DDR Memory Transactions in High-Level Synthesis

Communicating with DDR memories in FPGA can be a performance bottleneck for hardware accelerators. Using a proper data transaction protocol to satisfy the accelerator requirements can be a real challenge if we want to use hardware languages such as VHDL. However, high-level synthesis (HLS) enables designers to choose and configure the required protocol only using the proper C/C++ coding style.

For example, the Xilinx Vitis-HLS toolset uses the concept of ports and coding style to address DDR memory transactions. Designers with low or no hardware background can implement a highly efficient data movement logic between their FPGA design and the system memory.

Let us have a quick look at these techniques in HLS.

Ports

Ports are the hardware entities that connect an FPGA design to off-chip resources such as DDR memories. Ports can provide different bus widths. For example, a 32-bit port can read floating-point data using a single transaction, or a 128-bit port can read four floating-point data elements in one transaction.

FPGAs usually support multi-port wide-bus width, which can provide a high memory bandwidth for accelerators.

To utilise all the memory bandwidths available, the code should be written such that to

1- Enable the burst data transaction protocol

2- Use wide-bus width

3- Utilise multiple-port

Online Courses on HLS for FPGA

If you are interested in learning high-level synthesis for FPGA, please refer to my online course.

Bust Data Transaction Protocol

A code can support the burst protocol if it uses a monotonically increasing order of accesses to the array elements located in the DDR memory. This figure shows a for-loop with increasing order of access to the array A, which can be implemented by burst data transfer protocol.

However, the following for-loop does not provide the proper memory access pattern.

Wide-Bus Width

There are different techniques to enable this feature in a C/C++ code. One way is using a struct structure. For example, the following code read n floating-point data elements using n iterations. So each time, it reads one element.

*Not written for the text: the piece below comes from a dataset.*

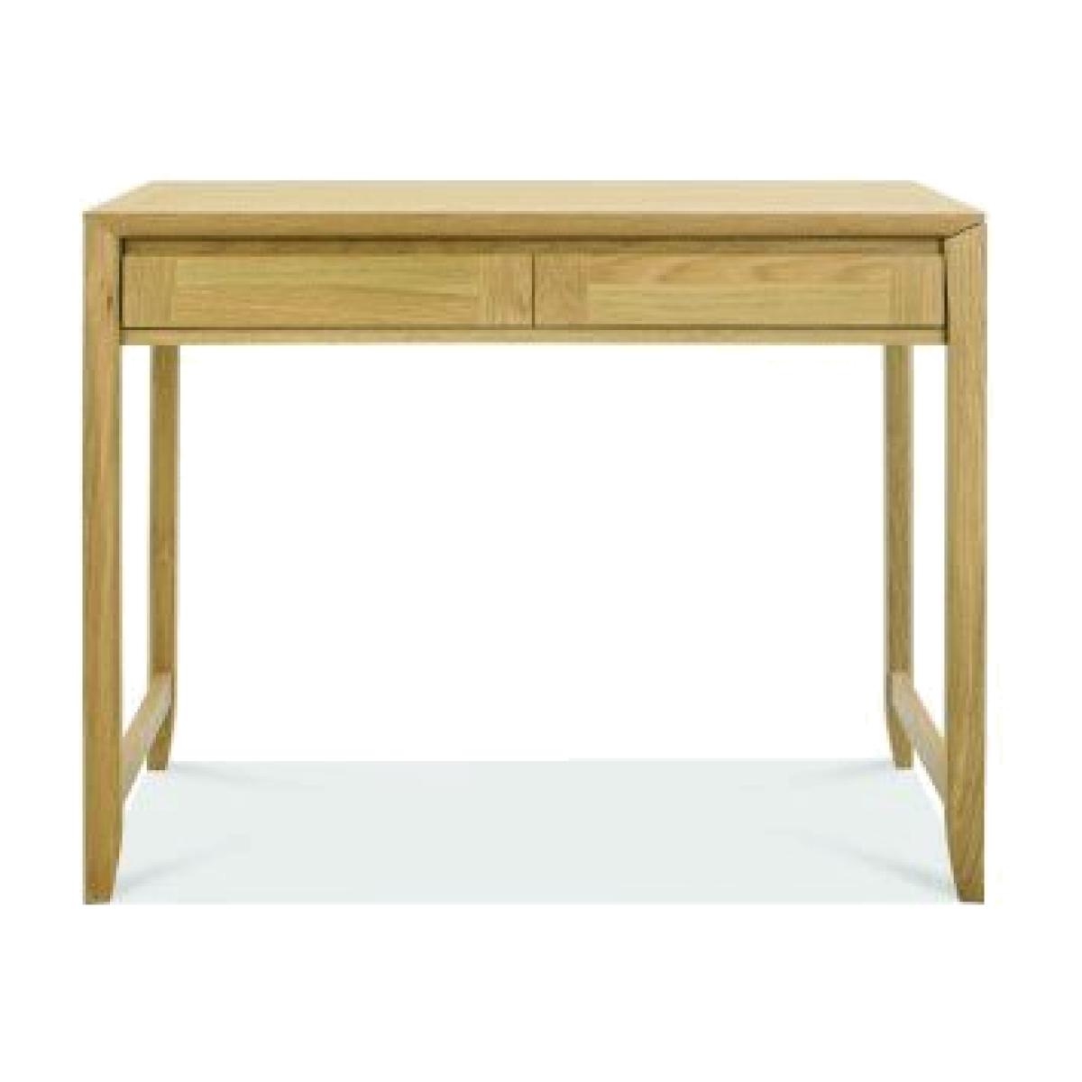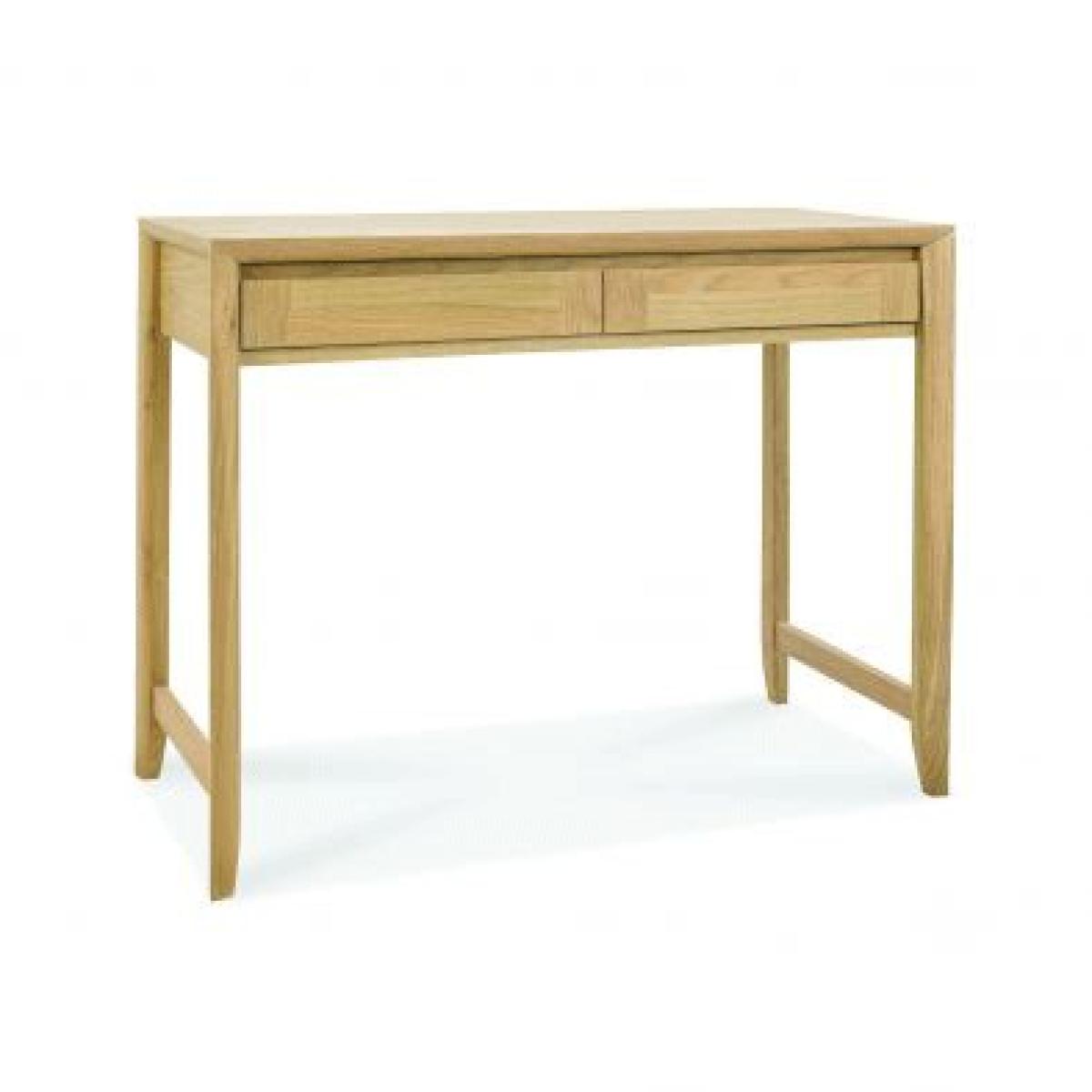 I’m a fan of this oak desk for its clean lines and warm timber tone - it sits well in Scandi, mid-century or contemporary schemes. Its neat footprint makes it ideal for a small study corner or as a hallway console; pair with a low-profile chair to keep the room feeling airy. Style it with a slim desk lamp and a tidy pencil pot, stack a couple of design books and introduce a small plant to soften the look. Don’t forget to use the shallow drawers for stationery and run cables under the top with adhesive clips to keep the surface clutter-free.

void data_read(float *A, int n, ...) {
  for (int i = 0; i < n; i++) {
#pragma HLS PIPELINE
    float a = A[i];
    ...
  }
}

However, the following code utilises 128-bit bust to read four floating-point data in one transaction

struct four_float {
  float a,
  float b,
  float c,
  float d,
}
void data_read(four_float *A, int n, ...) {
#pragma HLS PIPELINE
  for (int i = 0; i < n/4; i++) {
    four_float a4 = A[i];
    a1 = a;
    a2 = b;
    a3 = c;
    a4 = d;
    ...
  }
}

another way is partially unrolling the for-loop as follows

void data_read(float *A, int n, ...) {
  for (int i = 0; i < n; i+=4) {
#pragma HLS PIPELINE
    for (int j = 0; j < 4; j++) {
#pragma HLS UNROLL
      float a = A[i+j];
      ...
    } 
  }
}

Multiple Ports

We can modify the data_read function or use a few copies of this function to utilise multiple memory ports. However, as multiple ports read from memory separately, they should access different parts of the input data. The input data can be divided into multiple chunks to address this constraint.